Lebanese PM, Tammam Salam : Beirut bank bombing harms national security

185

Lebanese PM, Tammam Salam : Beirut bank bombing harms national security
By Tom Perry Reuters, Beirut Monday, 13 June 2016

Lebanon’s prime minister said on Monday a bomb attack at a major bank had harmed national security after an incident seen as a dangerous escalation of a crisis over a US law targeting the finances of Shiite group Hezbollah. The bombing outside the main Blom Bank building in Beirut on Sunday night, which caused damage but no fatalities, followed the closure of accounts considered to be linked to the group by banks afraid of being shut out of the international financial system. Noone has claimed responsibility for the attack. Hezbollah, proscribed by the United States as a terrorist organization and fighting in the civil in neighboring Syria as a vital ally of President Bashar al-Assad, reacted angrily last month to the US measures aimed at cutting off its funding.

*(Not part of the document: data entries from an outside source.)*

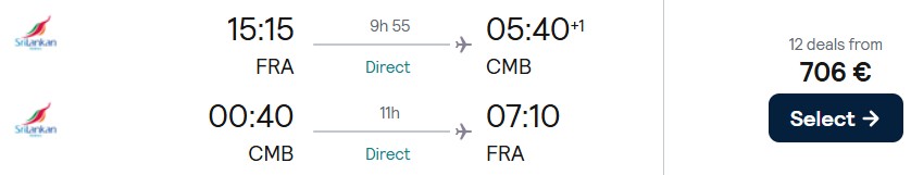 SriLankan Airlines verkauft bis auf Widerruf relativ günstige Economy Class Tickets von Frankfurt nach Colombo. Anreisen sind möglich im April sowie von Oktober bis Dezember 2026.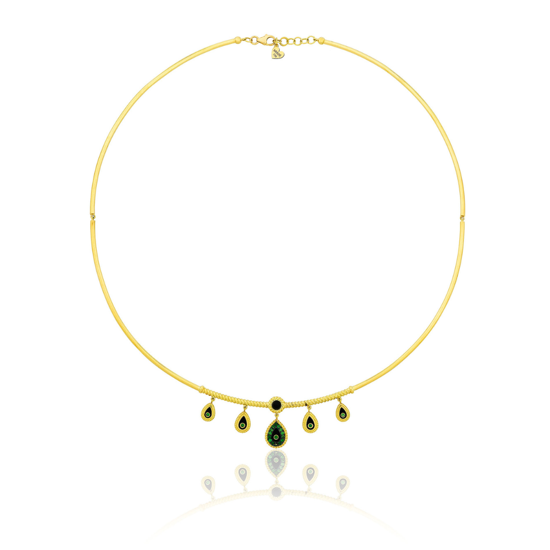 Crafted from 18kt yellow gold, the Protection and Prosperity Necklace from Mukhi Sisters Superhero Collection, is a striking representation of strength and elegance. This matinee necklace, sits between the collar bone and the bust. It features a central drop-shaped charm with two smaller charms on each side, each adorned with black enamel and, vibrant green tsavorite stone and outlined by a twsited gold detail. The combination of these elements creates a visual representation of a kite shaped shield, holding promises of renewal and transformation.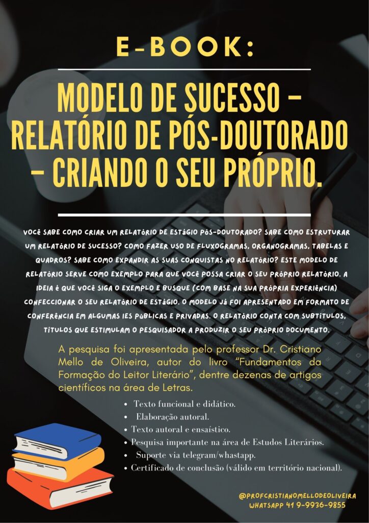 OBS: A formulação do relatório de pós-doutorado marca uma conquista importante na vida do pesquisador profissional. É por meio deste que o investigador demosntra maturidade intelectual, criatividade e autoria. Por meio desta tríade, deixamos para consulta a pesquisa empeendida no Departamento de Letras Vernáculas da UFRJ. Ao adquirir o produto digital (formato PDF, composto de 60 páginas) , você também terá uma reunião de 30 minutos (previamente agendada) via Platafoforma Zoom.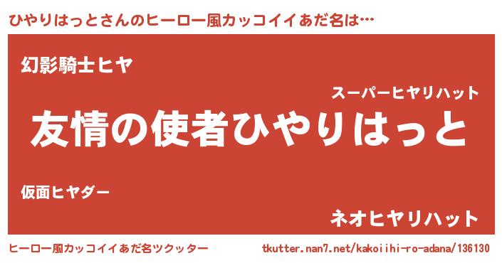 | 男性向けラノベタイトル風あだ名 | 『はたらくひやりはっとさま!』 |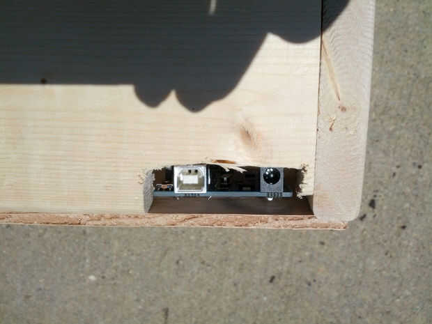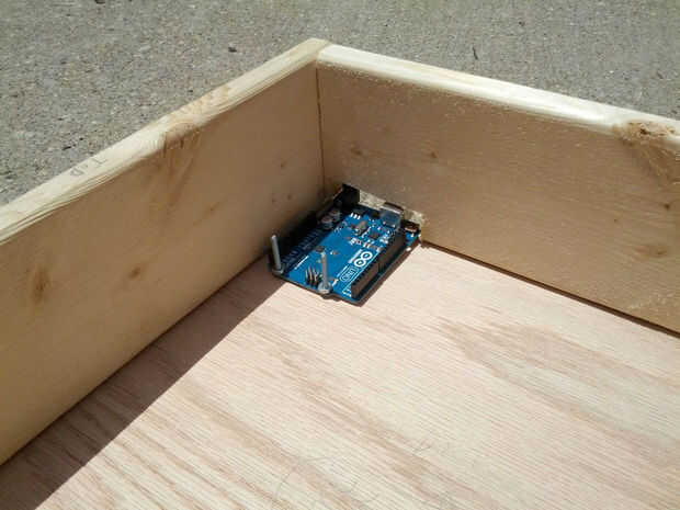 Después de la parte inferior en su lugar, es hora de agregar el corazón del proyecto, el Arduino. Libremente Coloque el Arduino en una esquina de la caja con el USB y puertos en el lado de alimentación. Coge un lápiz y marcar un punto para los agujeros en la parte inferior de la caja. Estos agujeros se utilizará para conectar Arduino a la caja. Tornillos de máquina se enroscará a través de la parte inferior de la caja y el microcontrolador. A continuación, coge un taladro y hacer agujeros en los lugares apropiados. Después de comprobar para asegurarse de que la placa de circuito se adapta correctamente, quite la parte inferior y corte un orificio para permitir el acceso a la USB y tomas de energía. Vuelva a colocar la parte inferior y apriete la Junta en su lugar con tornillos de máquina.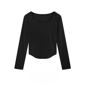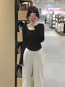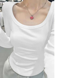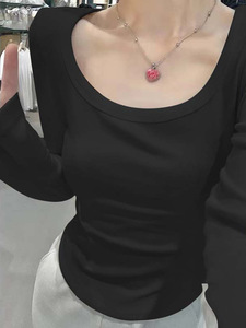 U领白色打底衫女秋冬内搭t恤短款修身显瘦身材长袖上衣女薄款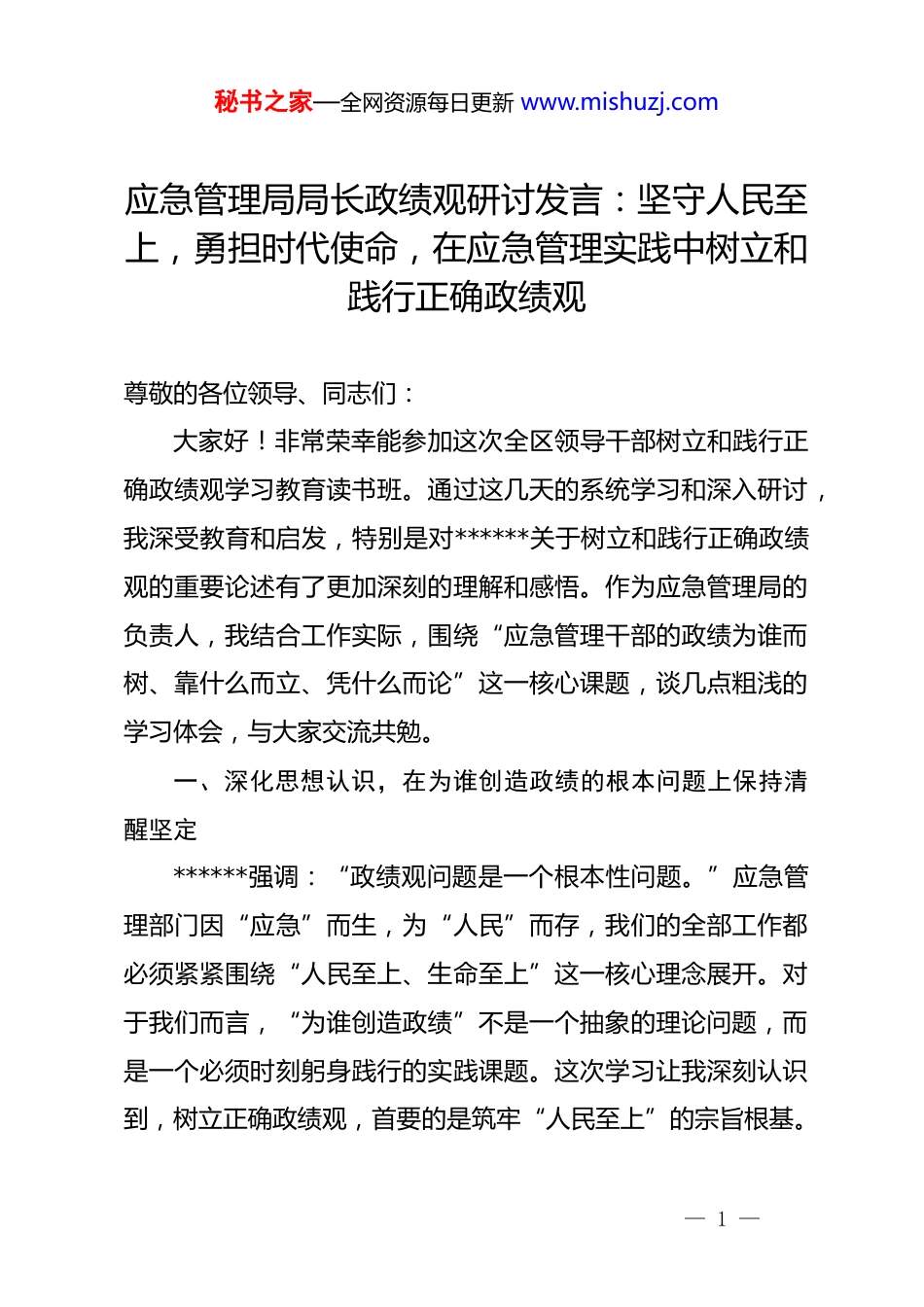 秘书之家—全网资源每日更新 www.mishuzj.com应急管理局局长政绩观研讨发言:坚守人民至上,勇担时代使命,在应急管理实践中树立和践行正确政绩观尊敬的各位领导、同志们:大家好!非常荣幸能参加这次全区领导干部树立和践行正确政绩观学习教育读书班。通过这几天的系统学习和深入研讨,我深受教育和启发,特别是对******关于树立和践行正确政绩观的重要论述有了更加深刻的理解和感悟。作为应急管理局的负责人,我结合工作实际,围绕“应急管理干部的政绩为谁而树、靠什么而立、凭什么而论”这一核心课题,谈几点粗浅的学习体会,与大家交流共勉。一、深化思想认识,在为谁创造政绩的根本问题上保持清醒坚定******强调:“政绩观问题是一个根本性问题。”应急管理部门因“应急”而生,为“人民”而存,我们的全部工作都必须紧紧围绕“人民至上、生命至上”这一核心理念展开。对于我们而言,“为谁创造政绩”不是一个抽象的理论问题,而是一个必须时刻躬身践行的实践课题。这次学习让我深刻认识到,树立正确政绩观,首要的是筑牢“人民至上”的宗旨根基。— 1 —秘书之家—全网资源每日更新 www.mishuzj.com(一)深刻领悟政绩的人民性,始终将保护人民生命财产安全作为最高准则应急管理工作的特殊性决定了我们的政绩,最直接、最核心的体现就是人民群众的获得感、幸福感、安全感。安全是1,其他都是后面的 0。如果安全这个 1 倒下了,再多的发展成果也可能付诸东流。这就要求我们必须从思想深处破除“唯gdp 论”的惯性思维,坚决摒弃任何以牺牲人民群众生命财产安全为代价换取一时一地经济增长的错误观念。在日常工作中,我们要时常反思:安全生产的每一次执法检查、防灾减灾的每一次预警发布、应急救援的每一次出动,是否都真正把人民的安危放在了第一位?是否把工作落脚点放在了解决群众最关心、最直接、最现实的安全问题上?只有始终与人民群众站在一起、想在一起、干在一起,我们的工作才能获得最广泛的支持,我们创造的政绩才能真正得到人民的认可。(二)准确把握政绩的全局性,自觉将应急管理工作融入经济社会发展大局正确的政绩观,必然是全面、协调、可持续的。应急管理工作不是孤立的,安全与发展的关系密不可分,两者相辅相成、辩证统一。一个地方如果安全事故频发,不仅会造成巨大的人员和财产损失,更会严重影响发展环境和区域形象。因此,我— 2 —秘书之家—全网资源每日更新 www.mishuzj.com们创造的政绩,不能仅仅局限于应急管理部门的“一亩三分地”,而应是服务于全区高质量发展大局的“安全屏障”。这就要求我们必须具备全局视野和系统思维,在谋划工作时,既要立足当前抓好风险防范,又要着眼长远服务发展大局。例如,在服务重点项目建设时,我们要主动靠前,提供专业的安全指导,帮助企业从源头上消除隐患,而不是简单地“一罚了之”。通过创造本质安全的环境,为全区招商引资、项目落地、产业升级提供坚实保障,这本身就是应急管理部门为大局作出的重要政绩。(三)清醒认识政绩的检验标准,坚持把群众满意度作为最终评判标尺政绩好不好,不能只看开了多少会、发了多少文件,更不能只凭我们自己的感觉,最终要由人民群众来评判。应急管理工作与群众生活息息相关,群众对安全的需求是具体而现实的。比如,老旧小区的消防通道是否畅通,沿街商铺的燃气使用是否安全,汛期来临时低注地带的群众能否及时转移。这些看似琐碎的“小事”,恰恰是群众最关心的“大事”,也是检验我们工作成效的“试金石”。因此,我们必须坚持问题导向,经常深入基层、深入一线,倾听群众的呼声,了解群众的期盼,精准对接群众在安全领域的急难愁盼问题,用心用情用力解决— 3 —秘书之家—全网资源每日更新 www.mishuzj.com好他们身边的安全隐患,让群众在日常生活中感受到实实在在的安全,这才是最有温度、最有价值的政绩。二、锤炼坚强*性,在靠什么创造政绩的基本问题上做到知行合一******指出:“树立和践行正确政绩观,起决定性作用的是*性。”应急管理工作充满风险与挑战,面对的往往是急事、难事、险事,没有坚强的*性作支撑,就不可能创造出经得起实践、人民...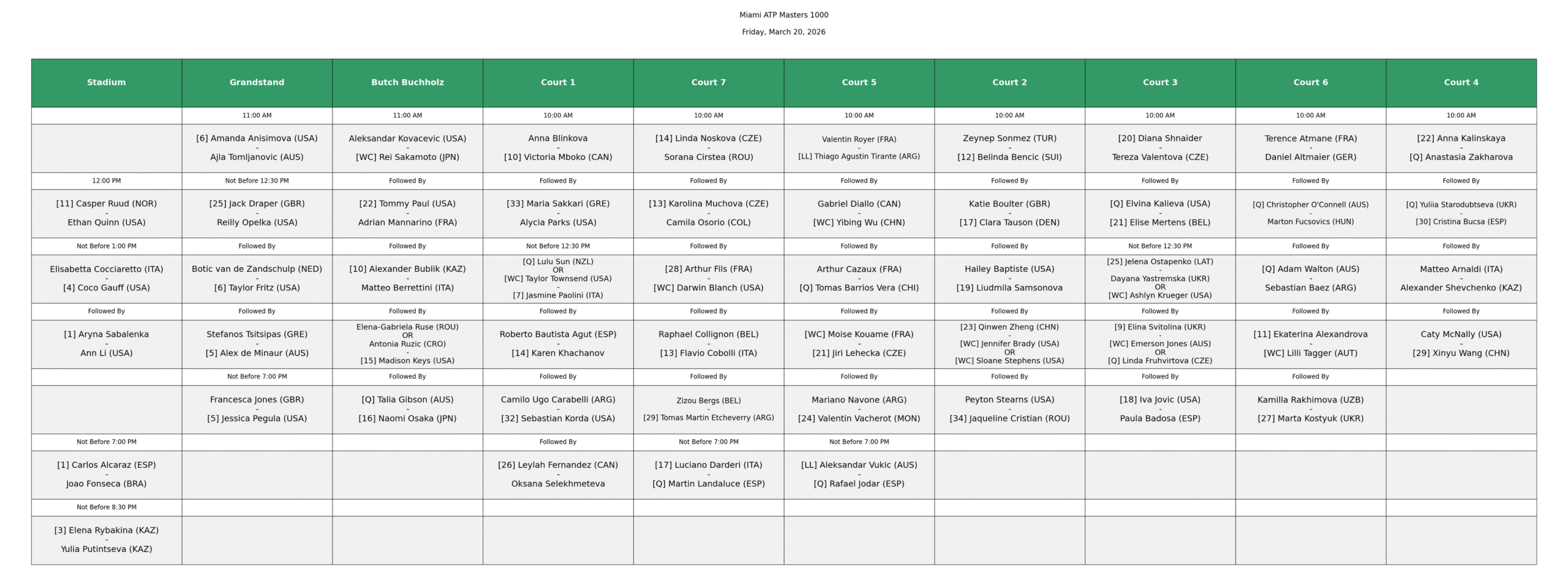 Desmarque tudo o que tem para fazer nesta sexta-feira. É que a ordem de jogos do Miami Open é simplesmente brutal, com 52 (!) encontros de singulares, incluindo uma grande parte das maiores estrelas do ténis mundial.

The US law, passed in December, threatens to bar from the American financial market any bank that knowingly engages with Hezbollah. The group has not commented on the bombing. The US law has ignited an unprecedented standoff between the central bank and Hezbollah, which views it as a breach of sovereignty. The banks say they have no choice. Blom Bank has closed more accounts than other banks as a result of the legislation, Lebanese officials say. At a meeting with the finance minister and central bank governor, Prime Minister Tammam Salam said the attack “rose to the level of damaging the national security of Lebanon”. The banking sector was “the fundamental dynamo” of the economy and “one of the main pillars of the state in light of the paralysis suffered by the constitutional institutions”, he added, according to a government statement. Meanwhile, the Association of banks in Lebanon said the attack targeting Blom Bank hit the entire banking sector and aims to destabilize economy.

Central bank role
The central bank is widely seen as one of the only effective institutions in the weak state afflicted by political crisis since the onset of the Syria war in 2011. The banking sector is vitally important to Lebanon as a conduit for billions of dollars of annual remittances that keep its economy afloat. Monday’s government statement expressed confidence in central bank measures taken to preserve the financial sector’s immunity and credibility.

The US law poses an unprecedented financial challenge to the powerful Iranian-backed Hezbollah, which dominates Lebanon and has ministers in Salam’s unity government. Though analysts say Hezbollah itself can operate without bank accounts, the situation is seen as carrying a political cost as it affects its support base in the Shiite community. Hospitals are among social institutions deemed linked to Hezbollah that have had their accounts closed, sources familiar with the matter say. There is also a risk to institutions and individuals dealing with such hospitals, including their staff, insurance firms and suppliers of medical equipment. Societies affiliated to Hezbollah run hospitals, schools and other social institutions and the group says the measures are targeting the entire Shi’ite community. “They won a military war, they won a political war, but they cannot win a financial war,” said one Lebanese banker, discussing the matter on condition of anonymity. “They have to find ways to work in the shadows but the problem is that whoever deals with them will be under scrutiny.”

“The banks have no choice. They will not accept not to implement the sanctions because for them their survival is more important. If the Americans say to a bank: ‘you are out of the banking system’, the bank will default because it will be shut down from transactions in dollars,” the banker added. When the law first came into effect, Lebanese banks began closing accounts, including of Hezbollah officials, themselves. The central bank subsequently issued a directive requiring the banks to refer accounts considered linked to Hezbollah to an investigative unit before any measure is taken.

In a statement issued last week, Hezbollah’s parliamentary bloc stepped up its attack on central bank governor Riad Salameh for “ambiguous and suspicious” statements, and said Hezbollah’s education and health institutions could not be undermined. In an interview with CNBC last week, Salameh said the central bank was making sure banks had really studied account activity before any decisions are taken.”The law is being implemented,” he said. Parliament Speaker Nabih Berri, a Shi’ite politician and Hezbollah ally, said the attack on Blom Bank had targeted “Lebanon firstly, and Hezbollah secondly”. Nabil Boumonsef, a commentator with An-Nahar newspaper, said the bombing meant the crisis had now become a security issue. “Its danger is that it is connected to the most important, and I can even say the last bastion of protection for Lebanon’s social, political and economic stability – the banking sector.”